In 2014 the UK government announced that open standards would be used for sharing government documents.

Unfortunately, not all files on UK government websites are published in an open format yet, some are still published in a proprietary format. The RoboDoc project focuses on editable documents that should be in the open format called ODF. It aims to crawl the UK government websites and make a list of editable documents and record whether they are in an open or proprietary format. Files in the ODF format end in odt, ods or odp. Files in a proprietary format commonly end in doc, docx, xls and xlsx.

News

2018-03-25
I'm still plugging away at getting https://www.gov.uk/government/uploads/system/uploads/attachment_data/file/686899/Country_returns_guide_-_March_2018.xls published in ODF. Here's my latest tweet:
@ukhomeoffice The spreadsheet on https://www.gov.uk/government/publications/country-returns-guide is in a proprietary format.
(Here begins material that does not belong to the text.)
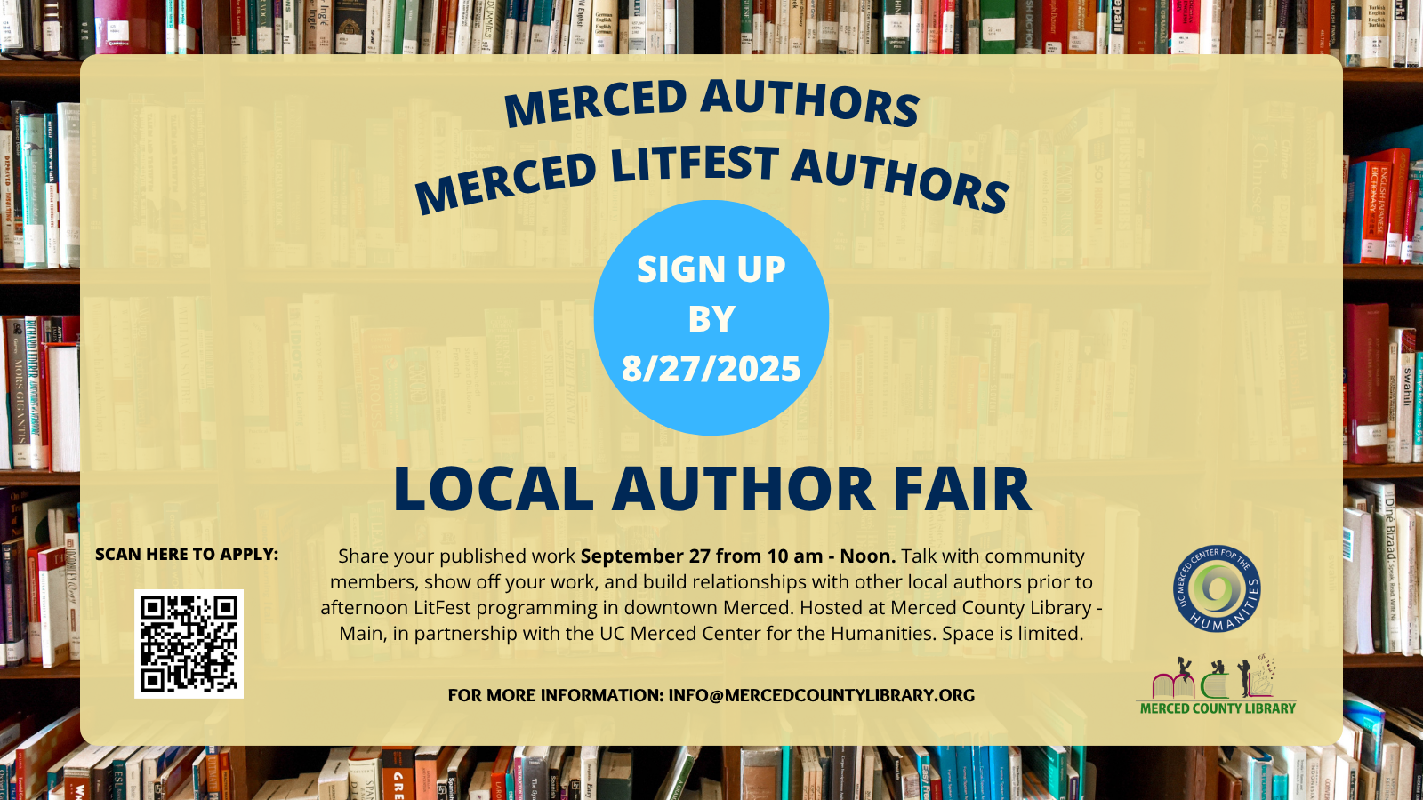 We would like to invite you to consider tabling at our 4th Annual Local Author Fair, held at the Merced County Main Library on September 27, 2025. To sign up, please complete the short registration form by Aug. 27:

Can you publish it in an open format instead please? Thanks! https://tlocke.github.io/robodoc/
I thought it would be good to thank people when they had published docs in an open format, rather than complaining all the time, so I tweeted this:
@ukhomeoffice @gdsteam Thanks for publishing the spreadsheet at https://www.gov.uk/government/publications/home-office-august-2017 in an open format! https://tlocke.github.io/robodoc/
2018-03-23

I did another run on 17th March, and the results are available for download. This time it looked at 80,000 pages and it showed that 21% of documents are in an open format. Here's a graph of the results broken down by year of publication:

2018-03-17

The latest run of the RoboDoc crawler tells us that of the documents published in 2018, only 12% were in an open format. Now that we've got some reasonable data, the next question is how to use it to increase that percentage. I tweeted about this, and here's the conversation:

@OpenForumEurope only 14% of editable docs on http://www.gov.uk are in an open format https://tlocke.github.io/robodoc/ not sure where to go from here


Maël Brunet @MaelB
Mar 6
Replying to @t_locke @OpenForumEurope

Cool project ! We did something a while ago at EU level http://fixmydocuments.eu/ the figures we found were even lower than yours in the UK.


Maël Brunet
@MaelB
Mar 6

Also unsure what can be done to improve. We tried a bit of name & shame + contacting the relevant services but there's just so many documents out there. Unfortunately I think this is seen as a very low priority.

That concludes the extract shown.